Братья Ашкенази. Роман в трех частях
Шрифт:
— Тебе просто удивительно повезло, Симха-Меер, что ты сделал мальчика, — шутили за столом молодые хасиды. — Если бы ты сделал девочку, тебя бы положили поперек стола и выпороли бы.
Даже реб Авром-Герш, отец Симхи-Меера, отлупивший его как мальчишку и велевший больше не появляться в отцовском доме, теперь, ради рождения мальчика, позволил себя уговорить помириться с сыном и пришел на обрезание в штраймле. Конечно, сразу же возник спор между двумя сватами, потому что реб Хаим Алтер хотел дать мальчику имя в честь своего ребе, а реб Авром-Герш хотел, чтобы внуку дали имя в память его ребе, Воркинского. Реб Хаим Алтер кипятился, злился, умолял, но реб Авром-Герш не желал идти ему навстречу.
— Имена девочек, — твердил реб Авром-Герш, — выбирать будете вы, сват, потому что
Реб Хаим Алтер предложил поделиться: дать одно имя от одного ребе, а другое — от другого, но реб Авром-Герш, как всегда, упрямствовал и не соглашался назвать внука в честь чужого ребе.

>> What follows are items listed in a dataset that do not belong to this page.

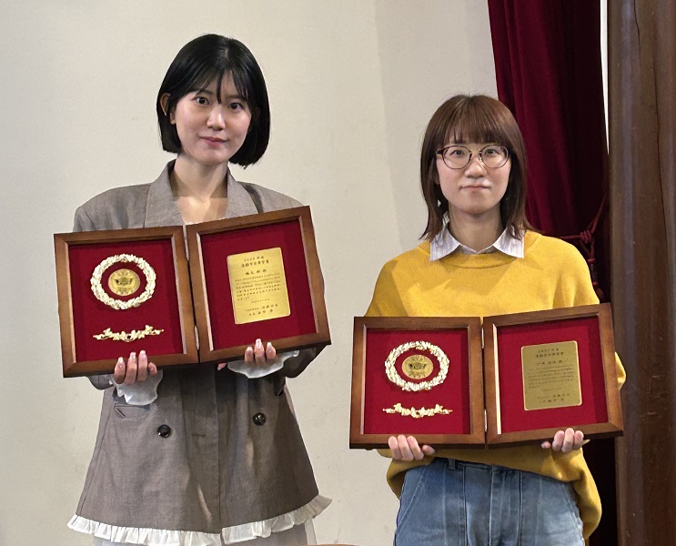 大学院理工学府知能機械創製理工学教育プログラム博士前期課程2年の戸崎杏珠さんと橋爪琳さんが、溶接学会奨学賞を受賞しました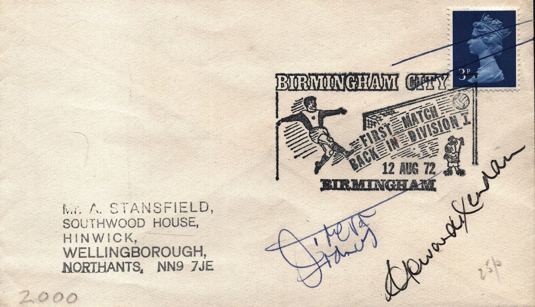 Howard Kendall & Trevor Francis multi signed FD. Birmingham City. Single stamp plus Single post marked 12 Aug 72.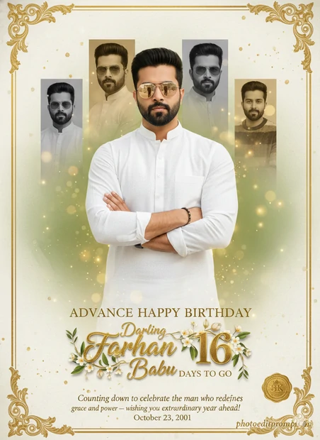 High-end 8K photorealistic DSLR portrait with soft natural lighting, creamy bokeh, and cinematic depth. Hyper-realistic facial accuracy using attached images with 100.999% identical facial features. The foreground contains deep DSLR bokeh, while the background fades into smooth green and yellow tones with warm highlights. A striking portrait of “Farhan”, standing confidently in a crisp white kurta with arms crossed, gazing directly at the viewer. Sunglasses reflect subtle studio lighting, and every fabric thread is sharply defined. Behind him, four vertical portrait panels display monochrome and sepia-toned variations of his expressions and outfits, softly blurred with atmospheric haze. The background is creamy off-white with faint watercolor textures and scattered gold dust for a luxurious feel. At the bottom, “ADVANCE HAPPY BIRTHDAY” appears in elegant serif uppercase. Below it, “Farhan” is rendered in bold golden calligraphy, accompanied by stylized text elements — “Darling” in cursive and “Ali” in structured block lettering — wrapped in jasmine vines and olive branches with a 3D shadow effect. The number “16” glows in brushed gold with embossed texture, followed by “DAYS TO GO” in minimal uppercase. A rich golden filigree border frames the poster, enclosing the message: “Counting down to celebrate the man who redefines grace and power — wishing you an extraordinary year ahead!” The birth date “October 23, 2001” is subtly placed near the lower edge. Bottom-right corner includes the “photoeditprompts.in” signature in luxurious cursive with gold-leaf detailing and a decorative seal motif.

Мальчишке дали имя только Воркинского ребе — Ицхок. Реб Авром-Герш сам обрезал малыша и так шумно отплясывал на радостях с хасидами, что Прива затыкала уши.
— Сват, роженица еще слаба, она не может этого слышать, — сказала она со злобой.

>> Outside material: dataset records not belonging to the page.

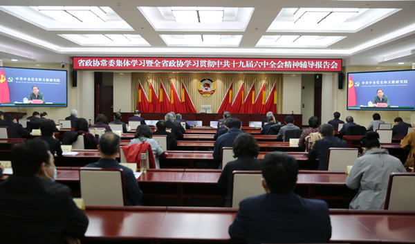 河北省政協(xié)舉辦常委集體學(xué)習(xí)暨全省政協(xié)學(xué)習(xí)貫徹中共十九屆六中全會精神輔導(dǎo)報告會對中共十九屆六中全會精神進行系統(tǒng)深入解讀。胡澤瑞攝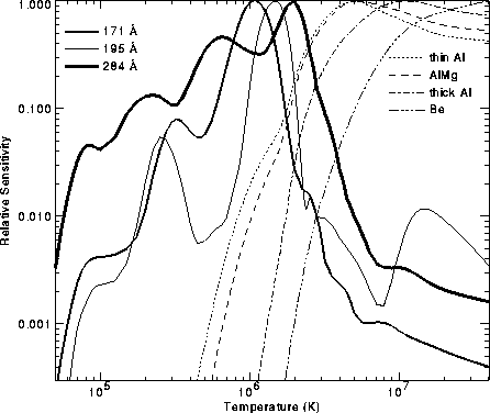 It has been known for almost three decades that the solar corona is comprised of closed loops. Despite vast theoretical efforts, it seems to be a long way before we feel we understand the mechanism by which these loops are heated to coronal temperatures. One thing that complicates comparisons between theory and observed data may be the presence of loops of different temperatures ranging 0.5-10 MK, even ignoring hotter loops created in major flares. No single instrument to date is sensitive to all these temperatures. For example, the plot below (click to enlarge) shows that SXT, a grazing-incidence telescope, is sensitive to a broad temperature range, but that its sensitivity drops dramatically below 2-6 MK depending on the filter. In contrast, TRACE, with normal-incidence optics, has more peaked sensitivities toward lower temperatures.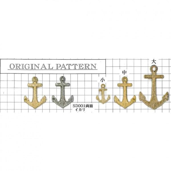 柄入りイカリチャーム 3ヶ入り(国産)全2色 ゆうメール送料無料 全サイズ一律価格 日本製 アクセサリーパーツ メダル バックチャ ーム 金属 メタル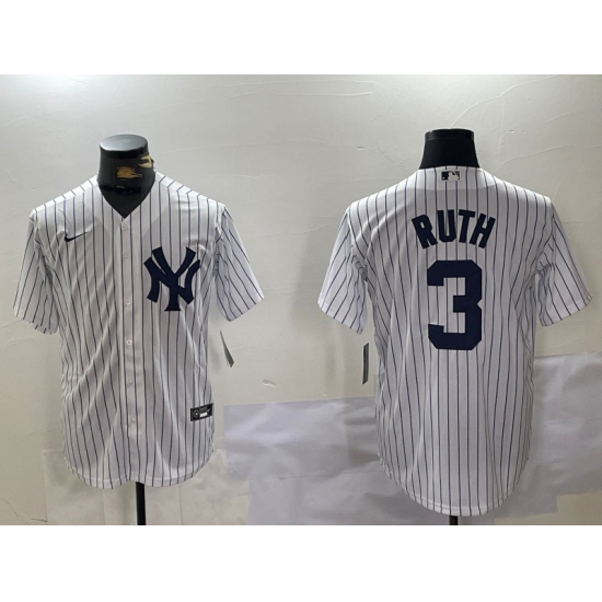 Men's New York Yankees #3 Babe Ruth White Pinstripe Without Name Fashion Cool Base Jersey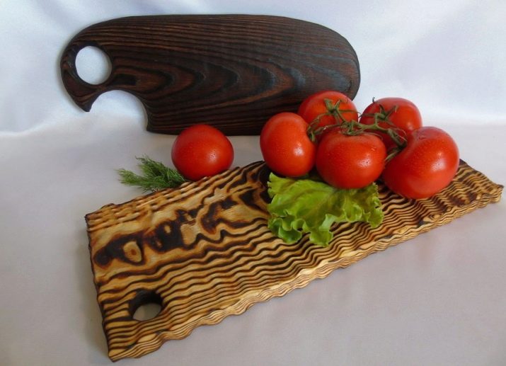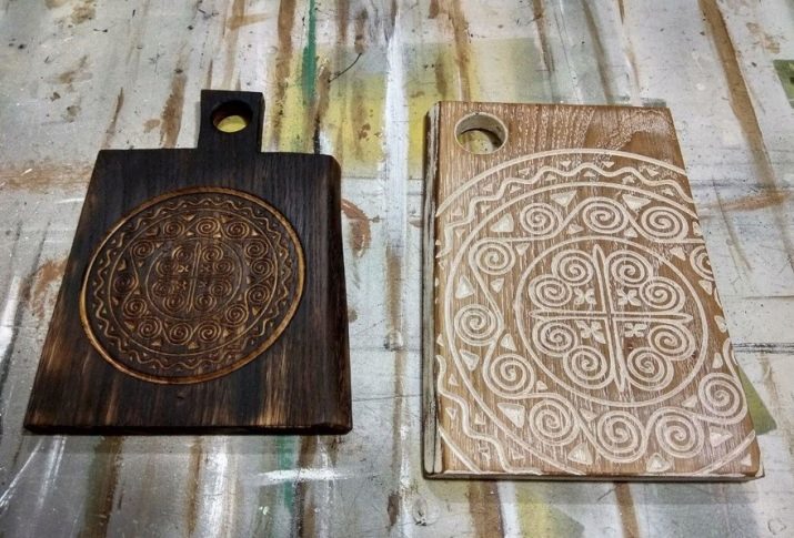 Beautiful original boards with a pattern are usually used to decorate the interior. If you cut on them, then only on the side where there is no picture. Carved boards are used in the same way, and it is better to use them for cutting dry products in order to minimize contact of the product with moisture.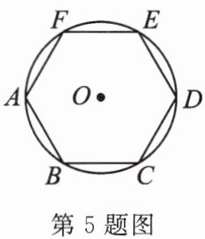 5. 如图,正六边形ABCDEF内接于⊙O,若⊙O的周长等于8π,则正六边形的边长为(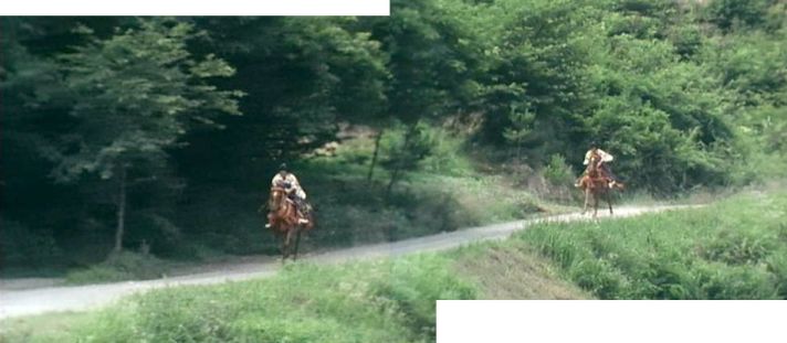 | 騎乗シーン。左端のヒョロ長い木と、中央の2本の細い木に注目。(切り貼り合成画像) ↓ |
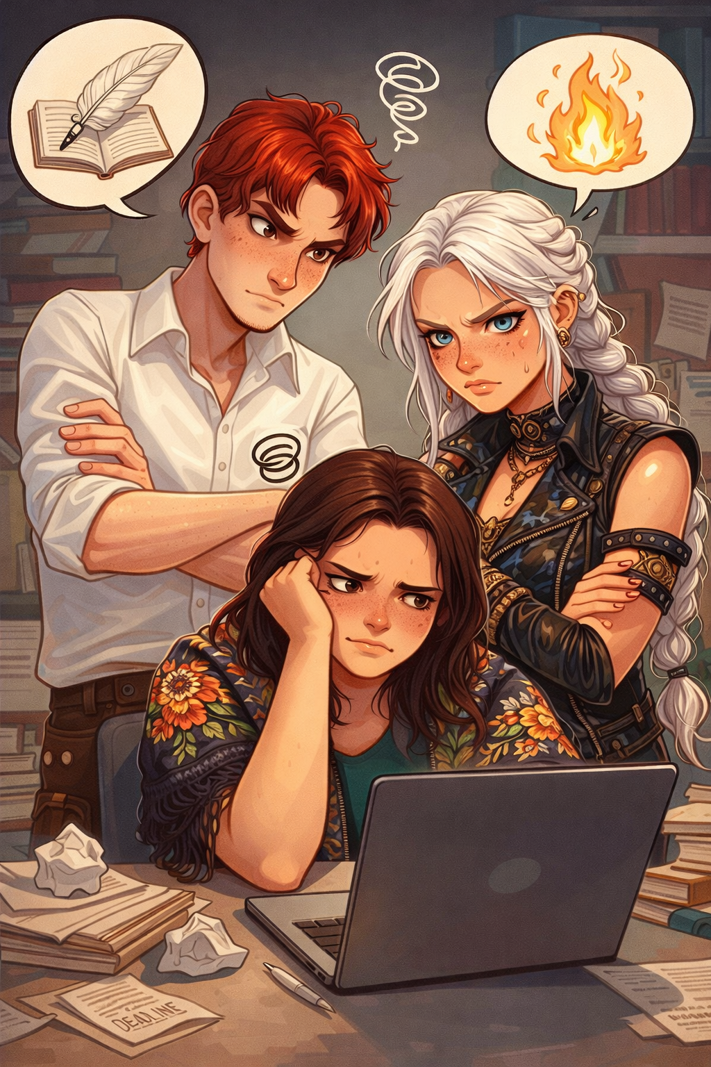 - Или иллюстрация того, как персонажи ждут, когда автор наконец закончит играть в социалочку и участвовать во всяких конкурсах и вернется к придумыванию хитрой схемы, как вызволить матушку Игни из лап Старого Лиса.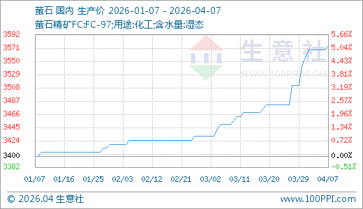 04月07日萤石3575.00元/吨 30天上涨3.62%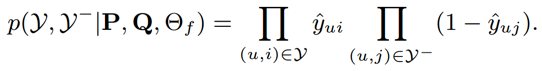 那么实际上相当于认为预测的 yui 是以 f(u,i|θ) 为均值的高斯分布,而这样的假设显然是不适合二值的隐式反馈。所以我们可以将待遇测的值看做是一个分类问题,即用户和项目是否有交互。

— Евреи, веселее! — подбодрил реб Авром-Герш своих хасидов и запел еще громче, не ответив женщине ни слова.
Диночка, бледная, напуганная, прижимала к груди плачущего младенца и обливалась слезами, глядя, как он страдает от шума.

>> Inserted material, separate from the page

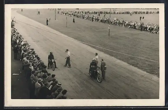 Foto-AK Motorrad Rennfahrer am Start zu einem Speedway Rennen

— Бандиты, — жаловалась она, — такой птенчик, как им не жалко?..
— Тихо, еврейка не должна так говорить, — прикрикнула на нее свекровь в атласном чепчике.
— С твоим мужем поступали так же, однако это не помешало ему сделать тебе сына… — смеялись над юной роженицей опытные женщины-сплетницы. — С Божьей помощью у тебя будет еще много внуков от Ицхока.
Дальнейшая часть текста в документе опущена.